Using aliases will only get you so far on PowerShell, so it’s important to commit to learning everything you can about PowerShell’s native commands. We touched on some of these above, but we’re going to break down the main ones in much more detail below.

Get-Help

This command should be at the very top of any new user’s list when it comes to PowerShell. The Get-Help command can be used to literally get help with any other PowerShell command. For example, if you know the name of a command, but you don’t know what it does or how to use it, the Get-Help command provides the full command syntax.

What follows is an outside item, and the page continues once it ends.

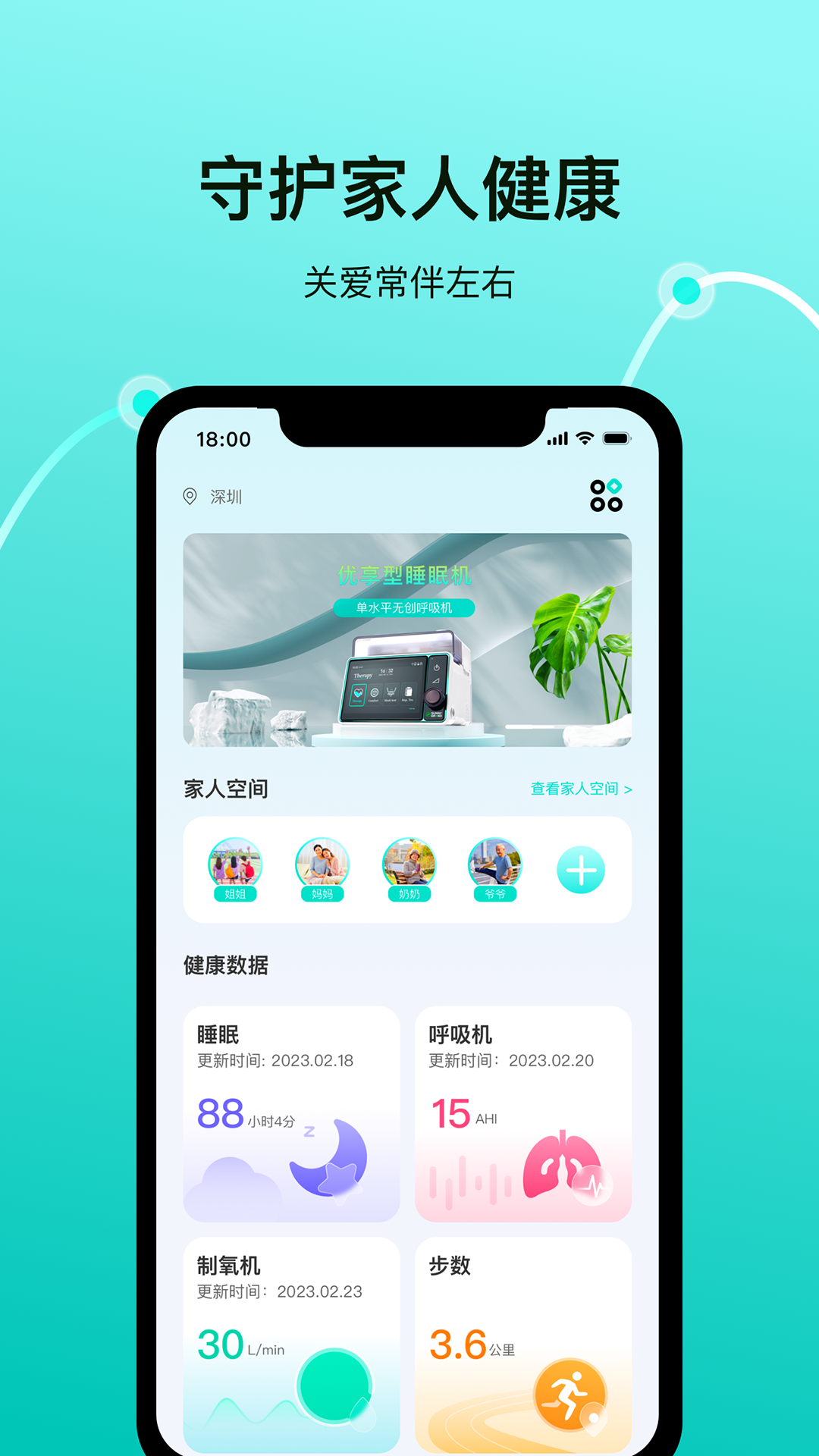 应用详情:伟晴健康管家——让你的睡眠实现数据可视化 -联动呼吸机等设备管理 -家庭互...

For example, if you wanted to see how Get-Process works, you would type:

PS C:\> Get-Help -Name Get-Process
PS C:\> Set-ExecutionPolicy

As touched on earlier in this guide, Microsoft has a restricted execution policy that prevents scripting on PowerShell unless you change it. When setting the execution policy, you have four options to choose from:

  • Restricted – The default execution policy that stops scripts from running.
  • All Signed – Will run scripts if they are signed by a trusted publisher
  • Remote Signed – Allows scripts to run which have been created locally
  • Unrestricted – A policy with no restrictions on running scripts
PS C:\> Get-ExecutionPolicy

If you’re using PowerShell, you may not always work on a server that you’re familiar with. Running the command Get-Execution Policy will allow you to see which policy is active on the server before running a new script. If you then see the server in question operating under a restricted policy, you can then implement the Set-ExecutionPolicy command to change it.